→ AIM OF THE EXERCISE:
The lines to extract run from the start of the records through the line with "英國(guó)政府(2019", both ends included; drop the pictures.

Data extracted from a collection:
Segment Open

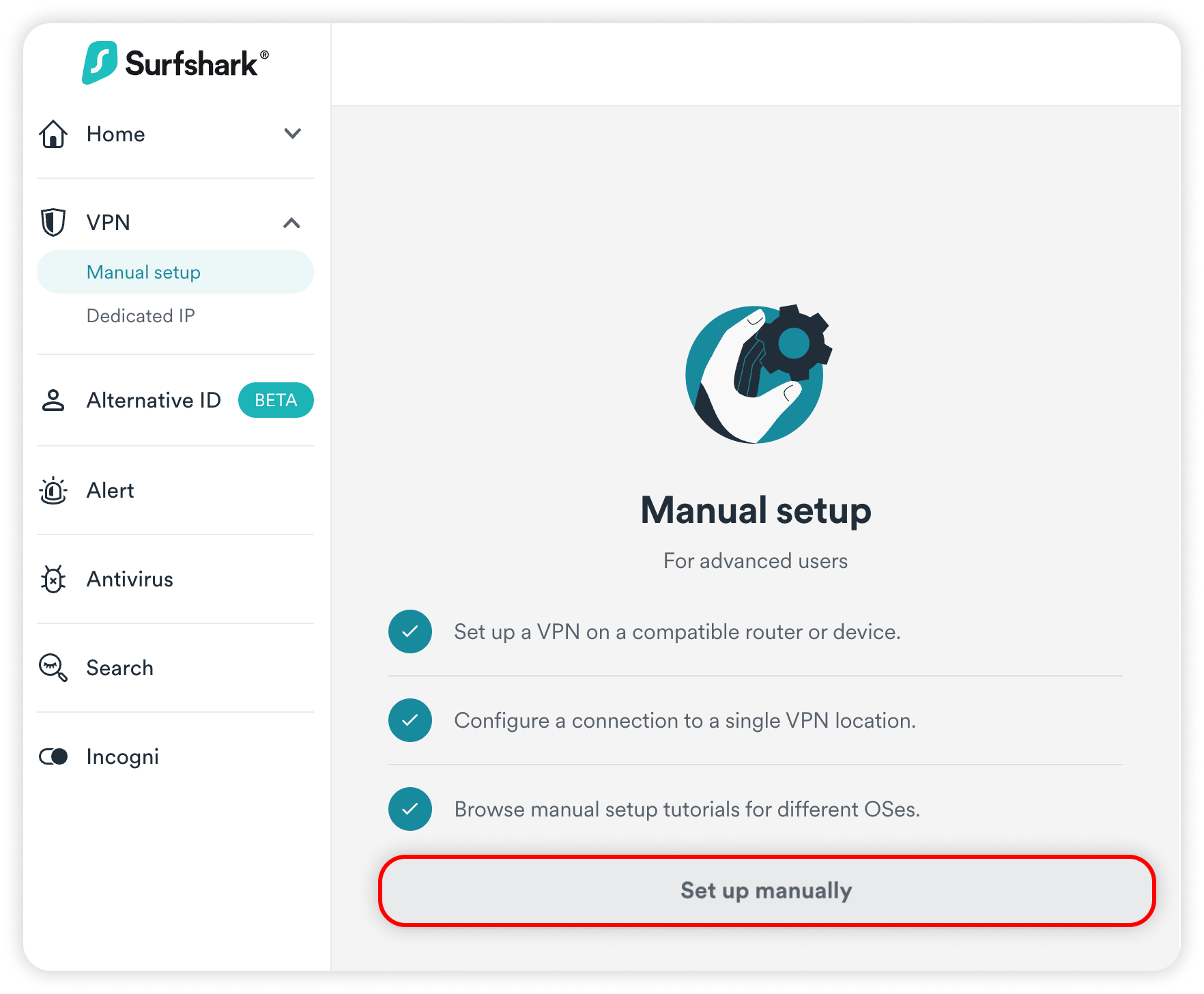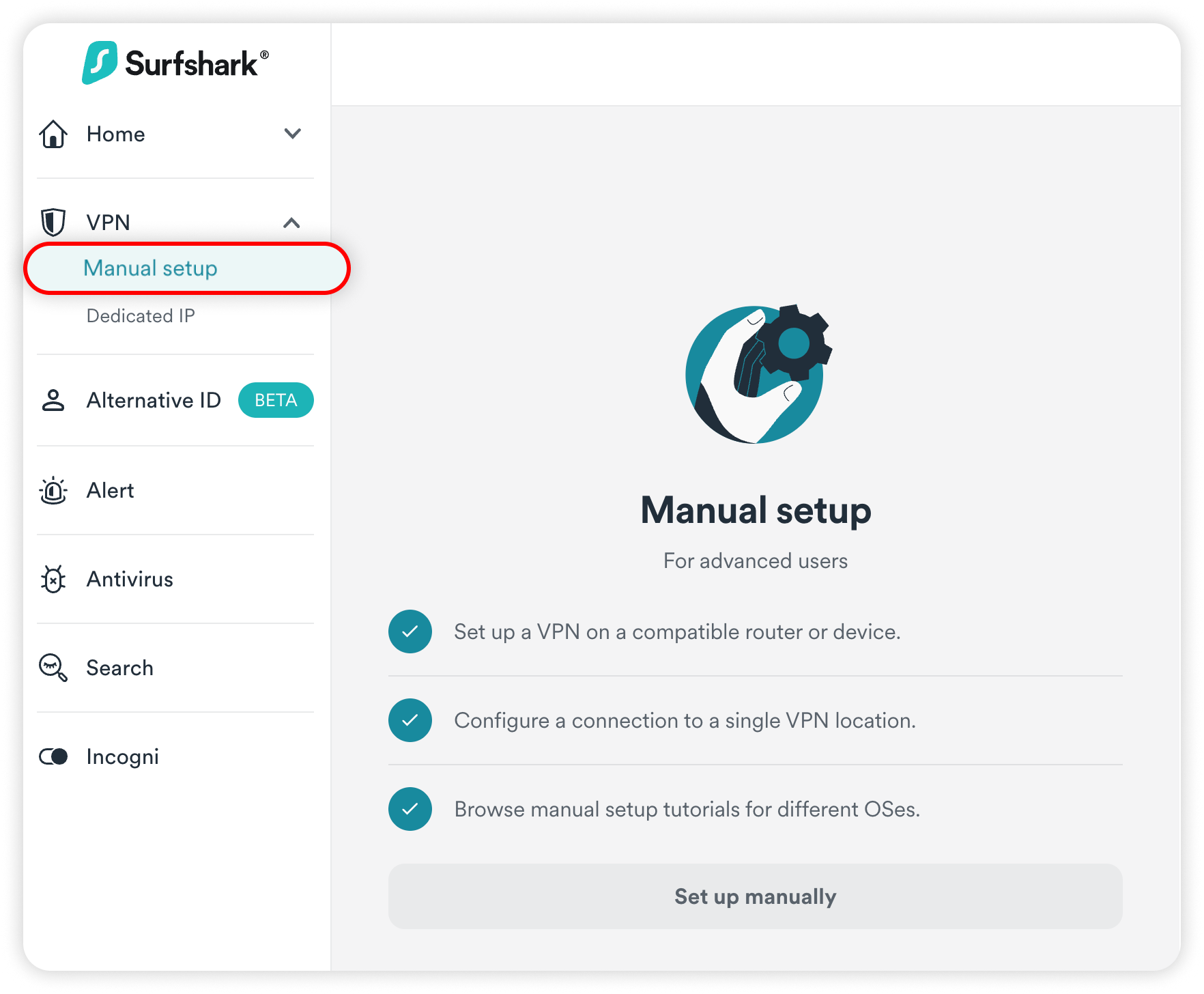 - Head to the Surfshark login page and log in. Then, click on VPN -> manual setup.
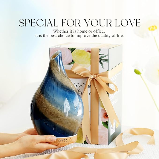 - UNIQUE ART DECOR - 280ml glass essential oil diffuser with star-shaped glass cover & wood grain base. Adds artistic harmony to your living space, perfect for bedrooms, living rooms, kids' rooms, studies, offices, & yoga studios. Enhances ambience
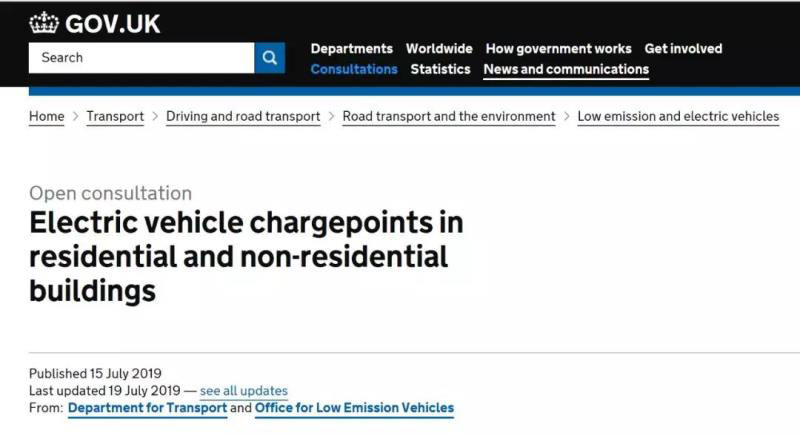 英國(guó)政府(2019年7月15日起)開(kāi)始就修訂建筑法規(guī)進(jìn)行公眾咨詢(xún),要求所有帶有專(zhuān)用停車(chē)位的所有新建房屋(民用或商用)以及現(xiàn)有的非居民住宅建筑配備電動(dòng)充電設(shè)施來(lái)支持和鼓勵(lì)英國(guó)電動(dòng)汽車(chē)的日益增長(zhǎng)。英國(guó)將成為世界上第一個(gè)實(shí)施類(lèi)似法規(guī)的國(guó)家,確保英國(guó)擁有世界上最好的電動(dòng)汽車(chē)基礎(chǔ)設(shè)施網(wǎng)絡(luò)。
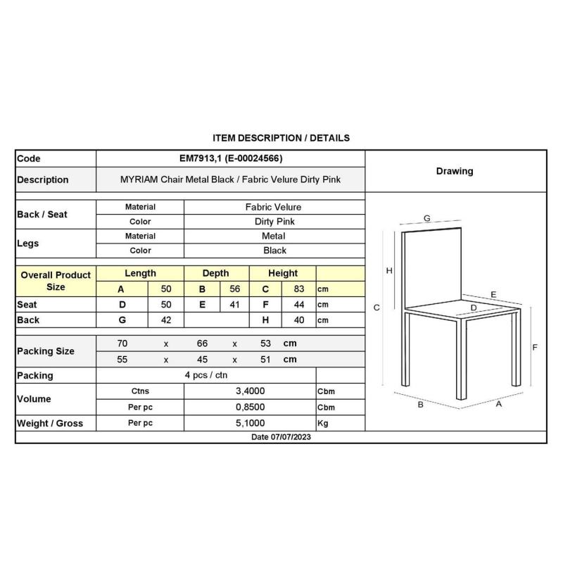 ΕΜ7913,1 MYRIAM Καρέκλα Μέταλο Μαύρο - Ύφασμα Velure Dirty Pink
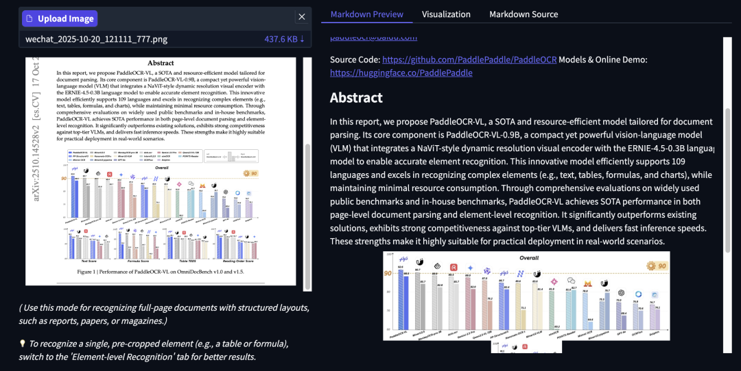 研究人员基于PaddleOCR-VL增强了模型的识别能力和解码效率,并在保证识别高精度的同时减少计算需求,使其非常适合高效实用的文档处理应用程序。
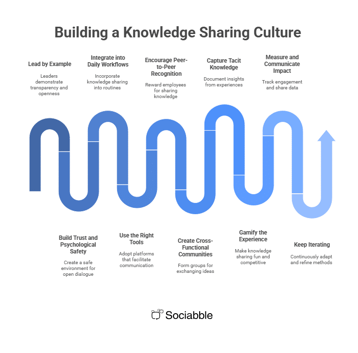 Every company is sitting on a goldmine of expertise. Yet, too often, that knowledge disappears when people move teams, change roles, or leave the organization. The problem isn’t a lack of information; it’s that valuable knowledge, and even critical knowledge, remains trapped in individual minds instead of being shared across the business. Without a company culture of knowledge sharing, teams end up reinventing the wheel, repeating avoidable mistakes, and slowing innovation. The result? Lost time, lost opportunities, and lost potential. In this guide, we’ll define what a knowledge sharing culture really means, explain why it’s essential to organizational success, and outline ten practical steps to help your company make it part of everyday work. What Is a Knowledge Sharing Culture? A knowledge sharing culture is one where employees naturally exchange insights, ideas, and experiences across departments, levels, and geographies. It’s more than uploading files to a shared drive. It’s about creating a social, continuous flow of information that helps people work smarter together. When sharing becomes part of your larger company culture, knowledge stops being static. It becomes dynamic: shaped by real-time feedback, team collaboration, and improvement. From onboarding checklists to lessons learned after client projects, shared expertise prevents valuable insights from becoming isolated or lost. This learning culture of institutional knowledge exchange creates collective intelligence. Instead of relying on a few experts, every employee becomes a contributor to organizational success. Whereas knowledge hoarding stores away the collective experiences and insights of the organization, knowledge sharing creates channels and means to easily access and use the information. Knowledge Sharing vs. Knowledge Management Knowledge management and knowledge sharing often get used interchangeably, but they’re not the same thing. Knowledge management focuses on systems, repositories, and structures; it’s about organizing and storing information efficiently. Knowledge sharing, on the other hand, is about people. It’s driven by curiosity, motivation, and trust. It happens when employees feel encouraged to share what they know and confident that their contributions matter. The two work best together: knowledge management tools provide the structure, and knowledge sharing strategies bring that structure to life. Without people actively contributing to institutional knowledge exchange, even the most sophisticated knowledge management system remains an empty shell. Why Create a Knowledge Sharing Culture? Organizations that share knowledge learn faster, innovate more effectively, and keep their employees engaged. When information flows freely, teams can collaborate without friction and new hires can get up to speed more quickly. According to research by the Harvard Business Review, companies with strong knowledge flows are significantly more productive and have higher employee satisfaction rates. It’s a powerful reminder that when knowledge circulates, morale and performance follow. A strong knowledge sharing culture also fuels agility. In fast-changing markets, organizations that can rapidly examine knowledge transfer to generate insights, and then adapt accordingly, are the ones that keep a competitive advantage. Benefits of a Knowledge Sharing Culture When knowledge is shared openly, everyone benefits, from the newest recruit to senior leadership. The outcomes are tangible and far-reaching when it comes to a true culture of knowledge sharing within a business: Accelerated organizational learning and onboarding: New employees integrate faster when best practices are readily accessible, leading to better retention, loyalty, and job security. Fewer mistakes and redundancies: Teams avoid repeating errors because lessons learned are captured and circulated. Increased innovation and problem-solving: Shared ideas spark creative solutions and facilitate collaboration companywide. Higher engagement and collaboration: Employees feel more connected to their peers and to the company’s mission. Stronger company culture and retention: A transparent, inclusive environment builds loyalty and purpose. Many organizations discover that knowledge sharing becomes a cornerstone of employee engagement, reinforcing a sense of belonging and contribution. Common Barriers to Knowledge Sharing If knowledge sharing is so beneficial, why isn’t it the norm? The answer lies in the barriers that quietly discourage it, and hinder knowledge sharing as an everyday practice. Fear, friction, and communication silos are often the main culprits. Employees may hesitate to share if they don’t feel safe or valued, or if the knowledge sharing processes feel complicated and unrewarding. A lack of trust, unclear incentives, information overload, and poor technology all play a role. Psychological safety is key. When people believe their ideas will be respected, they’re far more likely to contribute. Leadership behavior also sets the tone; when leaders communicate transparently and admit what they don’t know, they model the behaviors that make knowledge sharing safe and natural. Sharing knowledge becomes second-nature. To overcome these barriers and avoid a dangerous knowledge gap, organizations must treat knowledge sharing activities as a critical component of how work gets done. How to Create a Knowledge Sharing Culture: 10 Practical Steps Building an organizational knowledge sharing culture doesn’t happen overnight. It’s built through consistent habits, a clear and relevant knowledge sharing system, and trust. Here’s how to make it happen. 1. Lead by Example Leaders set the standard for how information flows. When executives share updates, feedback, and lessons learned, it signals that transparency is valued. Regular all-hands briefings or open Q&A knowledge sharing sessions encourage knowledge sharing among employees a
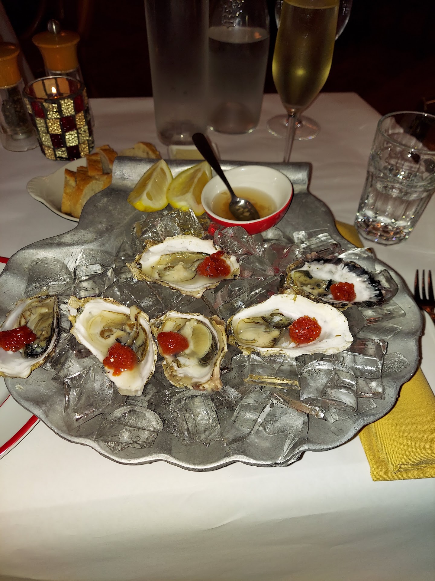 The food was fantastic. You get a basket of classic French bread slices with tasty butter. The Oysters Rockefeller was cooked to perfection with crusty, tasty cheese on top. The onion soup was slightly different than we were used to with a little less bullion flavor. They say it is authentic French and we loved it. The steak au poivre was a ribeye at medium rare and every bite left me craving the next bite. The fries came with a truffle aiole dip that we loved. We couldn't have asked for a better meal.
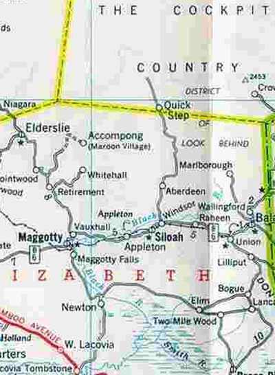Accompong Town is in St. Elizabeth near the St. James border about 45 miles due South of Montego Bay
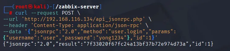 --data '{"jsonrpc":"2.0","method":"user.login","params":
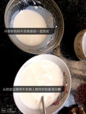 冷却的纯牛奶表面会结一层皮,从边缘将砂糖蛋清缓缓倒入碗中
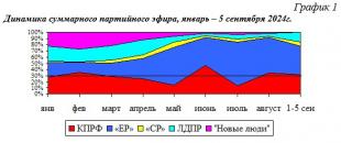 Рассмотрим динамику суммарного партийного эфира (в %) по месяцам с начала года (Табл. 1).

Segment Closed

→ REPLY:
 - Head to the Surfshark login page and log in. Then, click on VPN -> manual setup.
 - UNIQUE ART DECOR - 280ml glass essential oil diffuser with star-shaped glass cover & wood grain base. Adds artistic harmony to your living space, perfect for bedrooms, living rooms, kids' rooms, studies, offices, & yoga studios. Enhances ambience
 英國(guó)政府(2019年7月15日起)開(kāi)始就修訂建筑法規(guī)進(jìn)行公眾咨詢(xún),要求所有帶有專(zhuān)用停車(chē)位的所有新建房屋(民用或商用)以及現(xiàn)有的非居民住宅建筑配備電動(dòng)充電設(shè)施來(lái)支持和鼓勵(lì)英國(guó)電動(dòng)汽車(chē)的日益增長(zhǎng)。英國(guó)將成為世界上第一個(gè)實(shí)施類(lèi)似法規(guī)的國(guó)家,確保英國(guó)擁有世界上最好的電動(dòng)汽車(chē)基礎(chǔ)設(shè)施網(wǎng)絡(luò)。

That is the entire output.